The aquafeed industry is now using many cereal products such as soybean meal, corn or wheat gluten meal and rice bran. Considering their current inclusion rates in aquafeeds, these ingredients should be handled carefully because they are known to contain a risk of mycotoxin contamination. Taking soybean meal as an example, Olmix Myco’Screen Overview showed that 96% of the analyzed samples were contaminated with one or several mycotoxins. Additionally, 72% of the samples analyzed showed polycontamination for several mycotoxins, of which FUM (60% > LOQ) and DON (35% > LOQ) were most prevalent.

It has been demonstrated that different mycotoxins can have synergistic effects in aquaculture species. E.g. in rainbow trout, the presence of FB1 makes AFB1 more carcinogenic than if either were alone (Carlson et al., 2001). In catfish, the final weight gain of fish exposed to moniliformin and FB1 polycontamination was 42% lower than the control. In comparison, feeding feeds with equal contamination levels of either MON or FB1 alone, resulted in a 16% and 23% lower final weight gain, respectively (Yildrim et al., 2000). To prevent any loss in performance triggered by mycotoxins, it is advised to control the contamination level of most risky raw materials incorporated in the feeds. If mycotoxin contamination is detected, the use of a mycotoxin risk management solution in feeds can help minimize the risk and prevent a decrease in performance. To ensure an optimum protection, the use of a wide spectrum product is recommended.

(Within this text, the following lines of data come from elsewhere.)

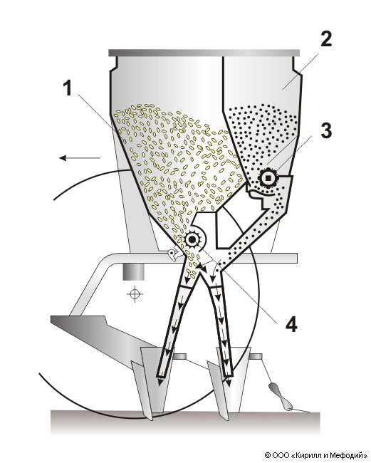 Технологическая схема льняной комбинированной сеялки: 1 — ящик для семян; 2 — ящик для туков; 3 — катушечно-штифтовый высевающий аппарат; 4 — катушечный высевающий аппарат.
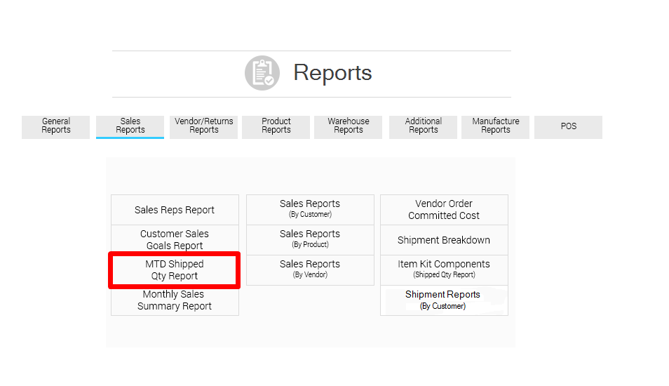 Go to Reports > Sales Reports > MTD Shipped Qty Report
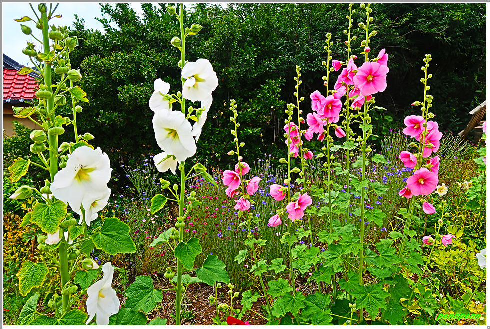 분홍색, 흰색 꽃이 무리를 지어 핍니다.
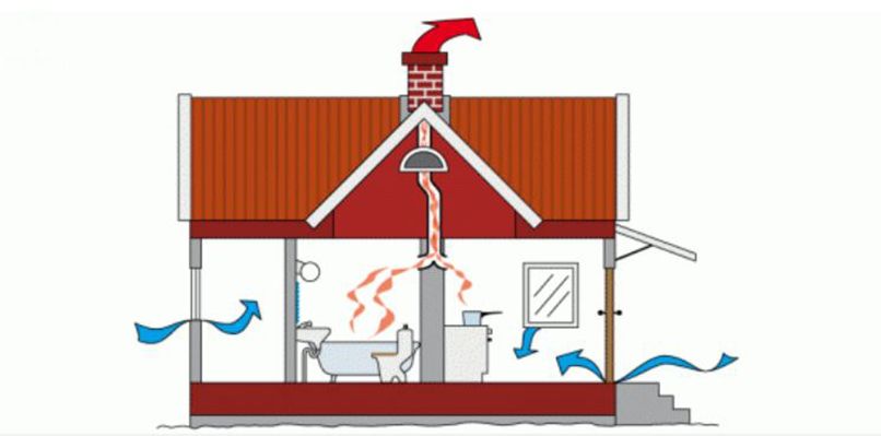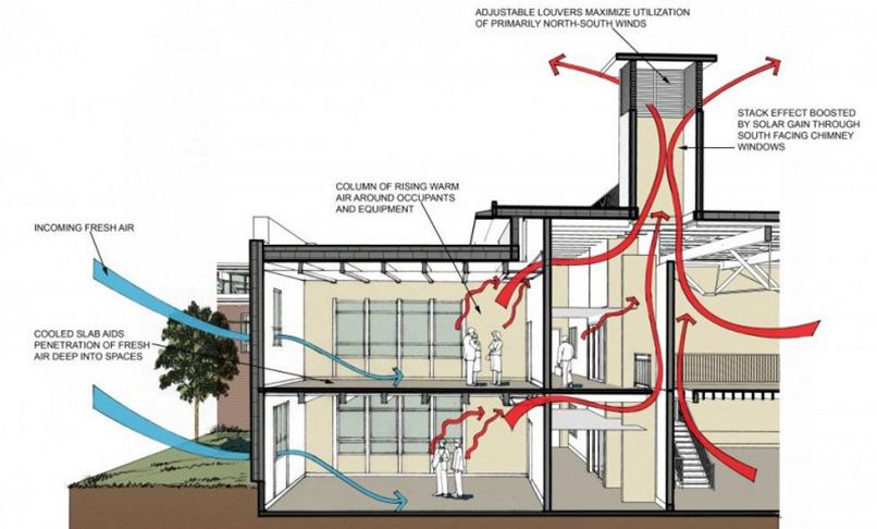 Các phần tử không không khí nóng và khô nhẹ hơn nên thường bốc lên cao, phần từ khí lạnh, ẩm sẽ chìm xuống dưới. Bởi vật chỉ cần mở đúng vị trí thì không khí lạnh sẽ đi vào và đẩy khí nóng lên tầng cao nhất rồi thoát ra ngoài.

Mycotoxins have several negative effects on fish and shrimp.

Conclusion

 Mycotoxins are found worldwide and their economic impact is likely underestimated throughout the entire food chain. The literature is not yet abundant for fish and shrimp, but already it corroborates the harmful impacts observed on farms in the presence of mycotoxins. The increasing trend of using plant-based raw materials for the production of more sustainable aquafeeds (in particular cereal co-products that are a higher risk than cereals, such as gluten meal, bran, etc.), suggests that mycotoxin risk management will be of similar importance in aquafeed as it now does in other animal feeds. The use of wide spectrum solution should be part of this mycotoxin risk management.